The swallowing sound, if not absent, is frequently retarded, and heard about twenty seconds after swallowing of water, while normally it should be heard after seven. This sign, however, is not pathognomonic; for, on the one hand, I have seen cancer of the cardia with the appearance of the swallowing sound at the normal time of seven seconds; and, on the other hand, I have observed cases in which there was no organic trouble and still the swallowing sound was not heard for a long time.
It is best to examine the patient with silkworm tubes or olive-shaped bougies of different sizes. For the sake of convenience the latter may be made in a divisible form, thus enabling them to be carried in the physician's pocket (Fig. 63). The examination should be directed with the following objects in view:
It is of the utmost importance to introduce the tube through the oesophagus into the stomach, and to pay attention to the fact whether there be no resistance at any place of the passage. If a resistance is felt, mark at what distance from the mouth it is situated, and also whether it can be overcome without the application of much force. Much force should never be exerted; if a tube of a certain thickness has met with resistance within the oesophagus, then try a tube of thinner calibre. In this way the degree of stenosis can be estimated.

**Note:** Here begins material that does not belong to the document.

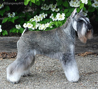 Tipper finished handily as a puppy on one coat from the bred-by class with four bests-of-breed, and two group place-ments. He is the eleventh champion for his dam and the fourteenth for his sire. He was shown to his championship by his co-breeder and co-owner Cheryl Coffman. Specialed sparingly on two coats he won numerous additional bests-of-breed and group placements including two G1's and is currently the #15 ranked Miniature Schnauzer.
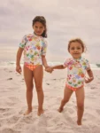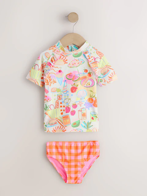 Prepare your little one for sunny adventures with the Orange Picnic Scene Short Sleeved Frill Sunsafe Set, an adorable and practical choice that is perfect for holiday. This vibrant two-piece set features a short-sleeved top adorned with a whimsical picnic scene print and sweet frill detailing, paired with coordinating orange gingham check bottoms.

Fig. 63. - Einhorn's Divisible Oesophageal Bougie.
When withdrawing the tube from the oesophagus, it is always necessary to close the opening with the thumb, and then empty the contents into a porcelain dish. Sometimes small particles of the neoplasm are then found, which, when examined under the microscope, will frequently reveal the nature of the trouble, and assist us in making a positive diagnosis of cancer.

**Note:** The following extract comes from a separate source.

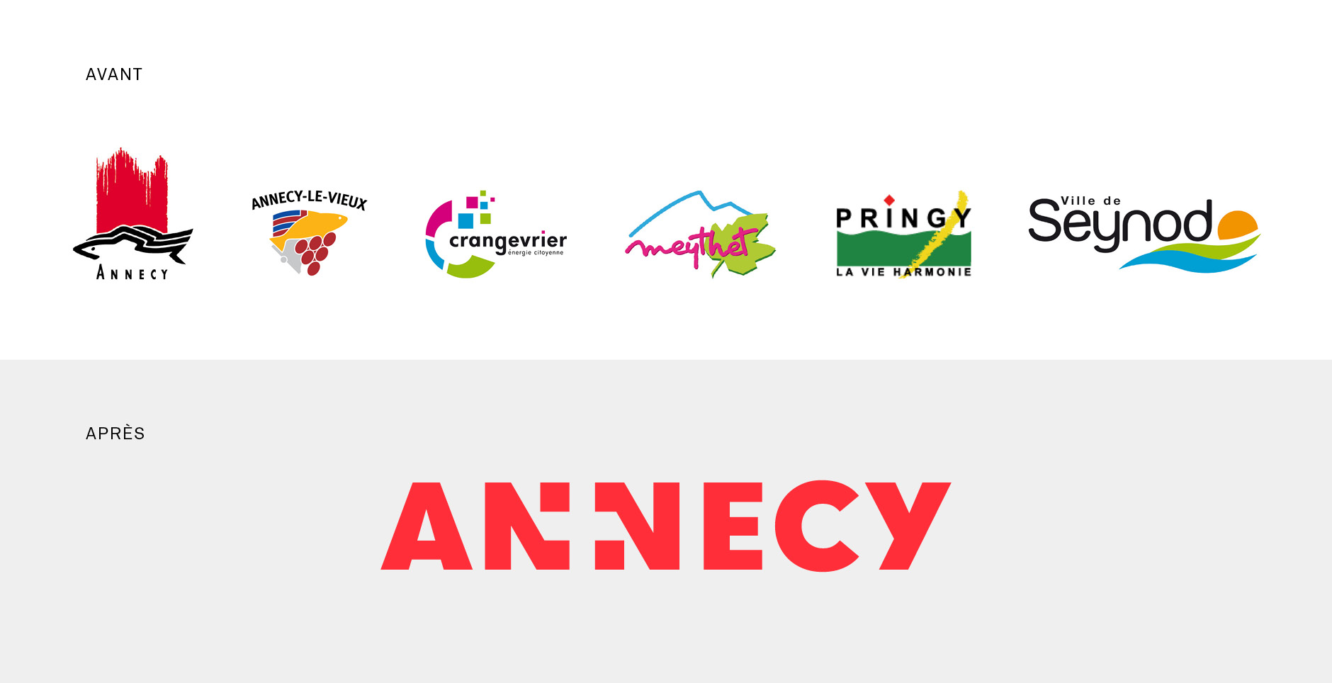 En 2016, les conseils municipaux des communes d’Annecy, d’Annecy-le-Vieux, de Cran-Gevrier, de Meythet, de Pringy et de Seynod votent en faveur de la création de la commune nouvelle d'Annecy. Elle voit officiellement le jour le 1er janvier 2017. C'est dans ce contexte que Graphéine est intervenu pour concevoir l'identité visuelle d'Annecy.

The tube sometimes contains either fresh clear blood, not smelling badly, or blackish-looking and decomposed blood mixed with mucus, with a very disagreeable, sometimes fetid odor. The latter condition is very frequently found in malignant strictures of the cardia, and is sometimes pathognomonic of cancer. Fresh, clear blood, appearing constantly at the examination of the tube, is suggestive of malignant trouble at the cardia, even when no stricture has yet been found. This symptom, however, is not a positive one, as there are other conditions that may produce it. The following case well illustrates the importance of the detection of blood at the lower end of the oesophagus:
Patient, about 45 years old, had complained of a burning sensation and pains in the epigastric region for over a year. He had no difficulty whatsoever in the partaking of food. He was not emaciated and presented a healthy, good color. On examination, the gastric region was found to be somewhat tender, but not painful to pressure. The outlines of the stomach were not enlarged. The swallowing sound was heard seven seconds after the deglutition of water. The examination with the tube one hour after test breakfast revealed no abnormal conditions whatever. The tube passed into the stomach without the slightest resistance. The chemical analysis of the gastric contents showed the presence of free hydrochloric acid, the absence of lactic acid, and a degree of acidity of 99. On washing out the stomach of the patient in the fasting condition, it was found that it contained no food from the previous day, and the water returned pretty clear. When, however, the water stopped running and the tube was partly withdrawn, so that its end was in the neighborhood of the cardia, a small quantity of clear blood, mixed with some water, usually ran out. When the upper opening of the tube was closed and the instrument entirely withdrawn, it was found to contain pretty clear blood.
Numerous examinations during a period of about two months showed the presence of the same condition, especially with regard to the appearance of blood at the end of the washing procedure or when withdrawing the tube. The characteristic rest treatment for ulcer did not benefit the patient in the least. The probable diagnosis of cancer of the cardia was made, and the patient died one year afterward in a well-known sanitarium in Germany, in which the -diagnosis of cancer had been confirmed.